[Opening EXTRACTED DATA section]

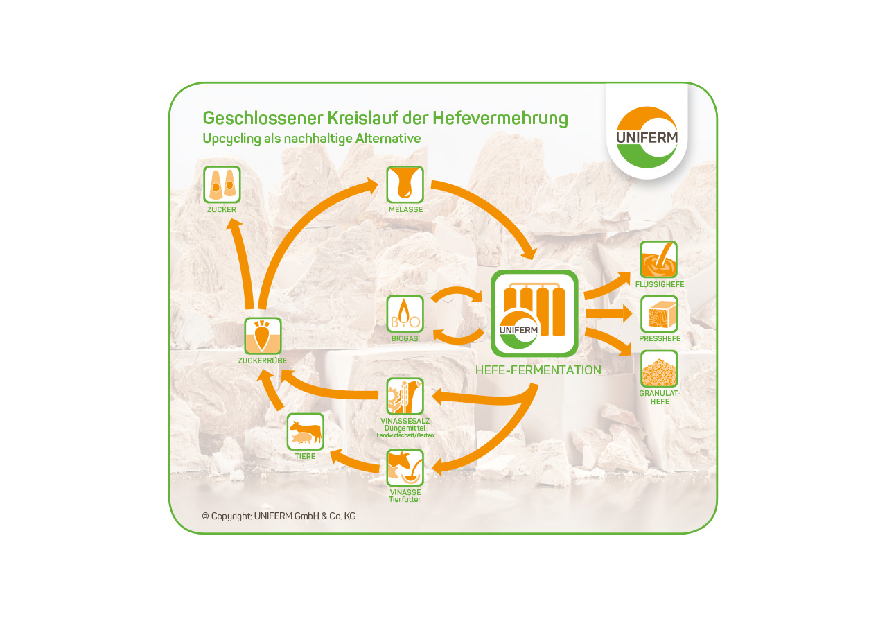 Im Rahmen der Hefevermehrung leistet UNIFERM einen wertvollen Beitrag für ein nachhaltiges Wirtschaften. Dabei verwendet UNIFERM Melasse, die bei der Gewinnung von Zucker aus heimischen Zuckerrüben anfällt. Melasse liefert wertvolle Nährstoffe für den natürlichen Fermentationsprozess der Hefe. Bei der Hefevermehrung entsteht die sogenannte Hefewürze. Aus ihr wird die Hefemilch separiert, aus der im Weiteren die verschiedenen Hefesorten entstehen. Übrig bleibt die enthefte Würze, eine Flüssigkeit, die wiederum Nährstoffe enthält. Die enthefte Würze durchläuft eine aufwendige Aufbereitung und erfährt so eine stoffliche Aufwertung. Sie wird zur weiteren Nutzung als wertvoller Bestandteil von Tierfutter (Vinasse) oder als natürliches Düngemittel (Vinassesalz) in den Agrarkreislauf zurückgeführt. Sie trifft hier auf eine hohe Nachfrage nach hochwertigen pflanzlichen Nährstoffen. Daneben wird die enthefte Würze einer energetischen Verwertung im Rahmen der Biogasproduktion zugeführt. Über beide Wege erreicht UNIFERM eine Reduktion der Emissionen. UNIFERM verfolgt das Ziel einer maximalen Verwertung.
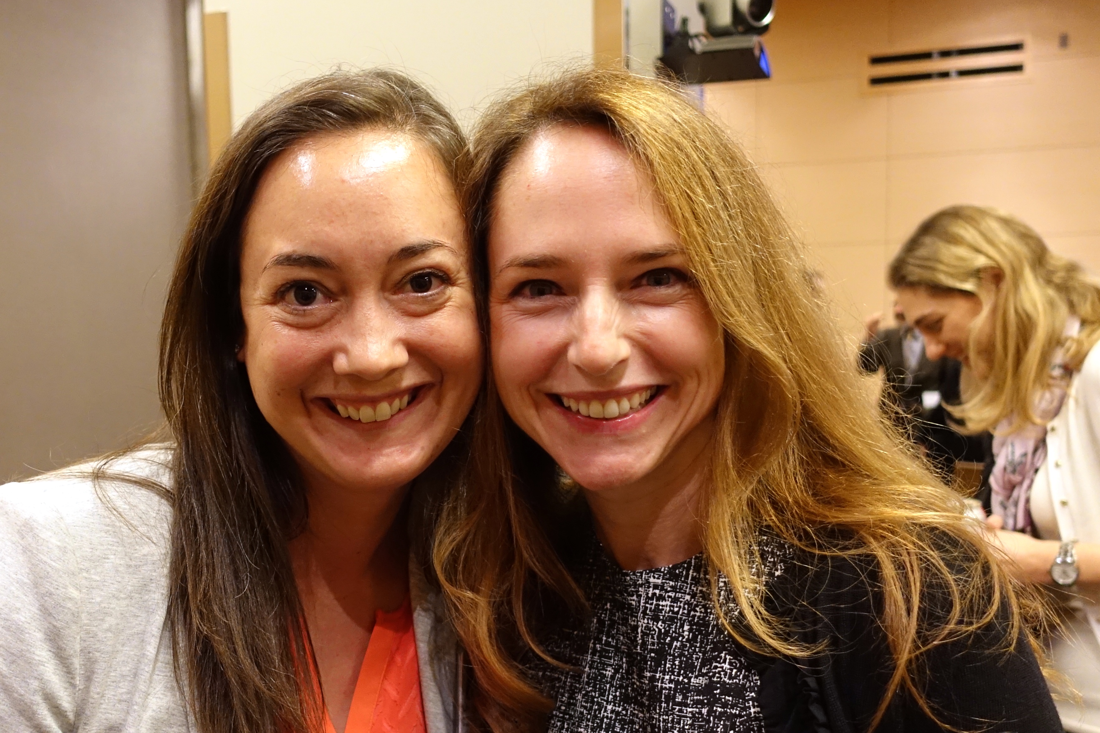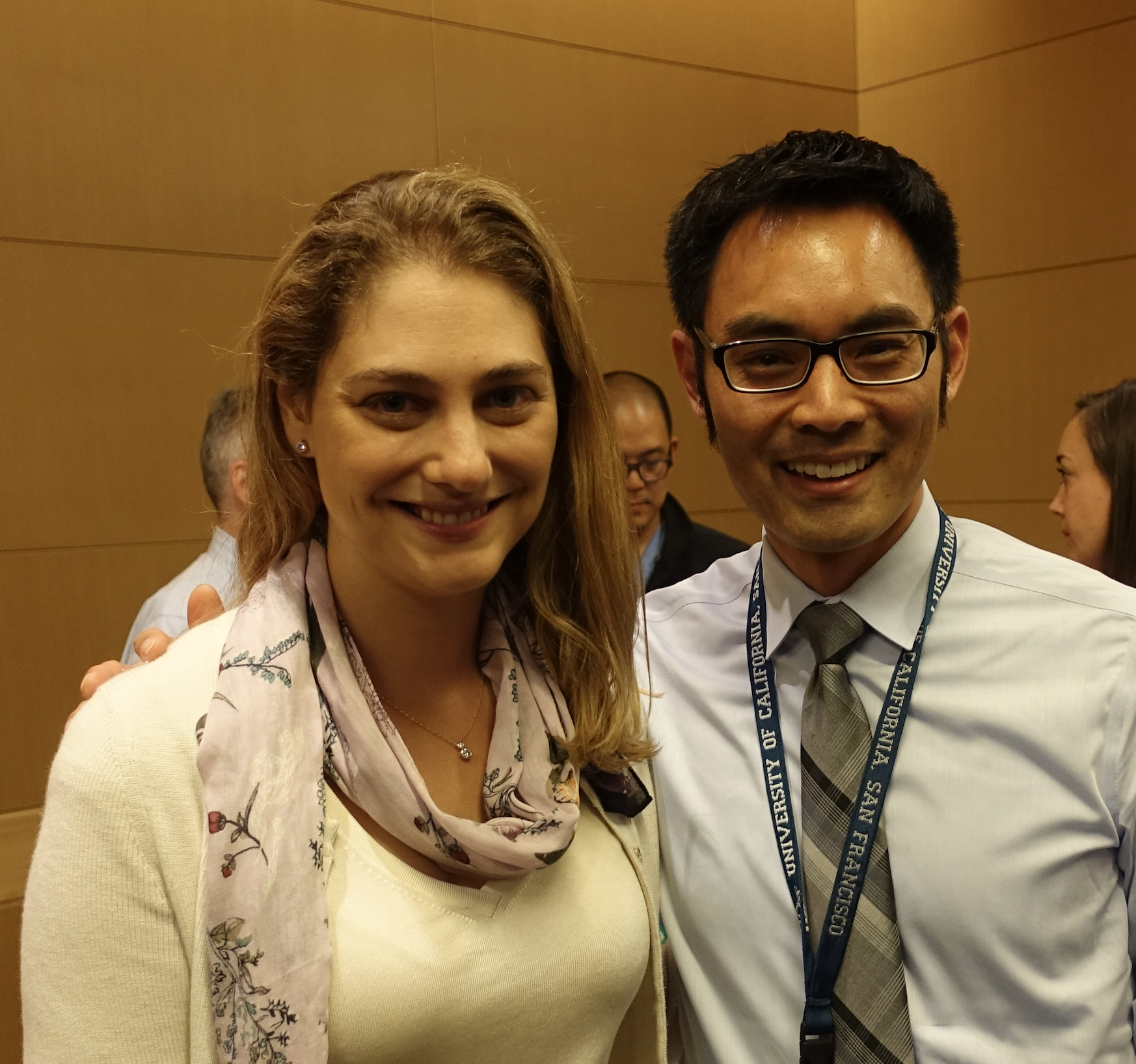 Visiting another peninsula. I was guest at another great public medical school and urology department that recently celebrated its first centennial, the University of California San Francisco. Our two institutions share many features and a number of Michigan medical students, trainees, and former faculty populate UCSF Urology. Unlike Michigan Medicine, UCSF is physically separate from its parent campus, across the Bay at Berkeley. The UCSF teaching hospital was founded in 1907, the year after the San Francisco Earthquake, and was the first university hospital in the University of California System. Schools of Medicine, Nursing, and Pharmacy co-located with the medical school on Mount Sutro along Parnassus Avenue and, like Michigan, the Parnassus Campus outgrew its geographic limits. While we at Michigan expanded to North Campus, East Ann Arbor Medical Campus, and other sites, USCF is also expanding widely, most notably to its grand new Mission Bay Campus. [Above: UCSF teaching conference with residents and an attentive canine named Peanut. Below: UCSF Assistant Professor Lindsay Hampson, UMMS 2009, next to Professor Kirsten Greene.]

[Closing EXTRACTED DATA section]
[Opening EXTRACTED DATA section]

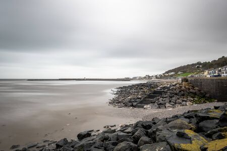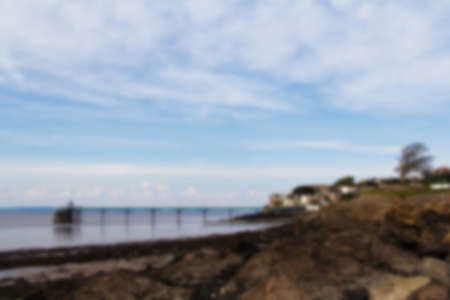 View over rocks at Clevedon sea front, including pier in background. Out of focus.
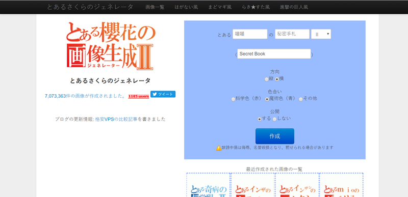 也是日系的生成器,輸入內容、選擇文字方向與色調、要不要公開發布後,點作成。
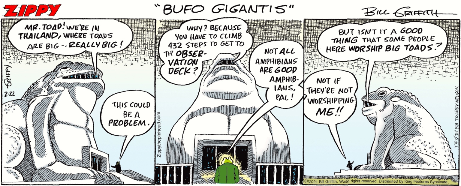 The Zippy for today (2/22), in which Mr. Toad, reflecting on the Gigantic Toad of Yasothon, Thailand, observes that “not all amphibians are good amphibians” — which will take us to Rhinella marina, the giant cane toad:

[Closing EXTRACTED DATA section]
[Opening EXTRACTED DATA section]

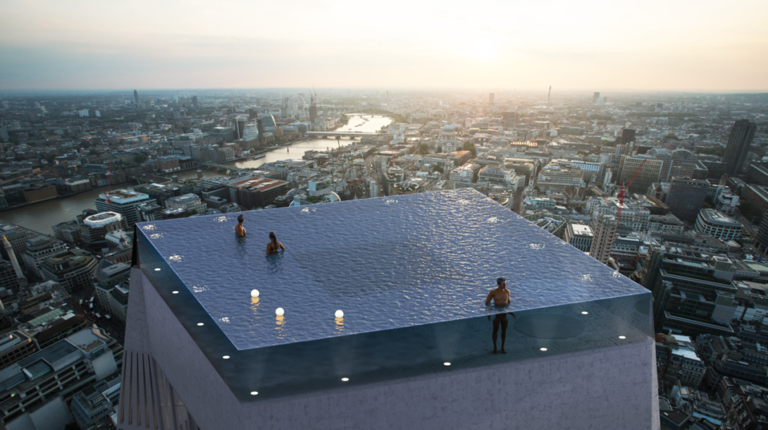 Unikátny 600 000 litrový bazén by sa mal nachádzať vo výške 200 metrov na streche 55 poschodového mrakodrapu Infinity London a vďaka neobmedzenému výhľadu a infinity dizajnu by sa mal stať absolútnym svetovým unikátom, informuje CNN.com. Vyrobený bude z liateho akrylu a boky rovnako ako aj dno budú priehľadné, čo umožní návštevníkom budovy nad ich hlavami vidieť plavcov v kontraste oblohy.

[Closing EXTRACTED DATA section]

# [REQUIREMENT]
I would like the exact lines from the data above, starting with the one that holds "View over rocks" and going on through the one that holds "The Zippy for", without the pictures.

# [RESPONSE BOX]
 View over rocks at Clevedon sea front, including pier in background. Out of focus.
 也是日系的生成器,輸入內容、選擇文字方向與色調、要不要公開發布後,點作成。
 The Zippy for today (2/22), in which Mr. Toad, reflecting on the Gigantic Toad of Yasothon, Thailand, observes that “not all amphibians are good amphibians” — which will take us to Rhinella marina, the giant cane toad:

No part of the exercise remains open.